Появился Феликс Борисович – как всегда улыбчивый и доброжелательный. Вместе с супругой подошел к Корнеичу.

– Даниил Корнеевич, надо обстоятельно поговорить, – сказала Аида.

"Ну, ясно. Сейчас будет подгребать насчет переписи яхт, – с мрачным ожесточением догадался Корнеич. – Нет уж, голубушка. Через мой труп…"

Но Аида заговорила о другом.

– Сумеете ли вы справиться с гонками до пятнадцатого числа?

– Постараемся. Но я не Господь Бог. Если будут такие штили… Не самим же дуть в паруса.

– Я понимаю. Но все-таки… Вы же знаете, шестнадцатого выезд в лагерь, там встреча разновозрастных отрядов из десяти городов, тоже гонки и соревнования. И обмен опытом, и…

"И прочая болтология для ваших диссертаций", – мысленно добавил Корнеич.

– На пятнадцатое у нас назначен турнир фехтовальщиков. И нужны еще тренировки, ребята давно не держали клинки, – сказал он.

Супруги Толкуновы переглянулись. Феликс развел руками. Аида сообщила:

– Даниил Корнеевич, боюсь, что турнир придется перенести на сентябрь. Или провести в лагере. Дело в том, что пятнадцатого областная конференция по проблемам безнадзорных детей. Наши барабанщики должны там играть на открытии. Они уже предупреждены.

– Что за конференция? – поморщился Корнеич. – Это в разгар-то отпусков…

– Да, потому что проблема назрела…

– Что она, только сегодня назрела? Видать, кто-то спохватился, что куда-то надо ухнуть деньги. Будет создан комитет для выработки состава комиссии по разработке очередной программы для борьбы с беспризорностью. Всем разработчикам назначат зарплаты, как помощникам министров, закупят новые компьютеры, выпишут сановным методистам заграничные командировки – те поедут изучать зарубежный опыт в шведские и немецкие многодетные семьи и "детские деревни"… А школа в Октябрьском, где учатся детдомовцы Московкина, опять останется без ремонта. И беспризорников не станет меньше…

– Ну, Даниил Корнеевич. Вы с вашими крайними взглядами готовы дискредитировать любое позитивное начинание…

– А зачем этому позитивному начинанию наши барабанщики?

– Мы же объяснили! Для торжественного открытия. Они всегда производят такое впечатление!..

– По-моему, команда барабанщиков превратилась в какую-то опереточную труппу для услаждения чиновников.
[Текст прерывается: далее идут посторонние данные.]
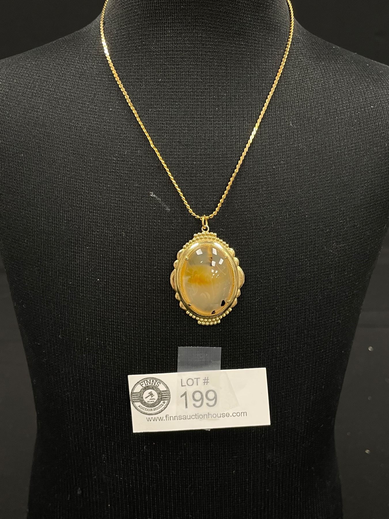 Vintage Gold Plated with Lace Agate Stone Pendant & Chain Necklace 17" L

То и дело концертные выступления. "Ах какие милые мальчики! Как трогательно!.."

– Зато сегодня с утра мы вышли на Эльдара Тамерлановича Ерохина, – снисходительно сообщил Феликс. – Несмотря на все его трудности он обещал профинансировать дополнительную программу в лагере.

– Это генеральный директор "Энергорегиона"? – сразу вспомнил Корнеич.

Феликс покивал:

– Да. У него сейчас непростая ситуация, и тем не менее…

– Он обещал помощь из сэкономленных денег, – сказал Корнеич. – Тех, что выгадал за счет вчерашнего отключения. Когда наши ребята остались без обеда.

– Но это одноразовая мелочь! – заявила Аида. – Зато…

– Прокуратуры на него нет с такими "одноразовыми мелочами"! – не уступил позиций Корнеич. И пошел смотреть, как ставят последнюю заплату на днище "Норда".

Ветра в этот день так и не дождались. Один раз потянуло с запада, слегка поморщило воду, но продолжалось это минут десять.

Искупались, позагорали на пирсе, пообедали молочным супом и сосисками, привезенными из столовой (нынче она работала). И решили разбегаться по домам, до завтра. Причем, договорились, что соберутся на базе к тринадцати часам . По многим признакам угадывалось, что если завтра и будет нормальный ветер, то не раньше, чем к середине дня.

2

Словко, однако, пришел пораньше, к двенадцати. Корнеич и многие ребята были уже здесь, в том числе Нессоновы и Рыжик. Перекидывались мячиком тени шлюпочного эллинга, болтались на турниках. Приехал на своей обшарпанной "копейке" Кинтель, привез с собой Салазкина. Тот сказал, что хотел бы "тряхнуть стариной", пройтись под парусами. И словно по его заказу дунуло с северо-запада. И хорошо дунуло, по-настоящему. Тут же оснастили для Салазкина отремонтированный "Норд", хотя Равиля Сегаева еще не было. Оснащал со своими матросами Словко.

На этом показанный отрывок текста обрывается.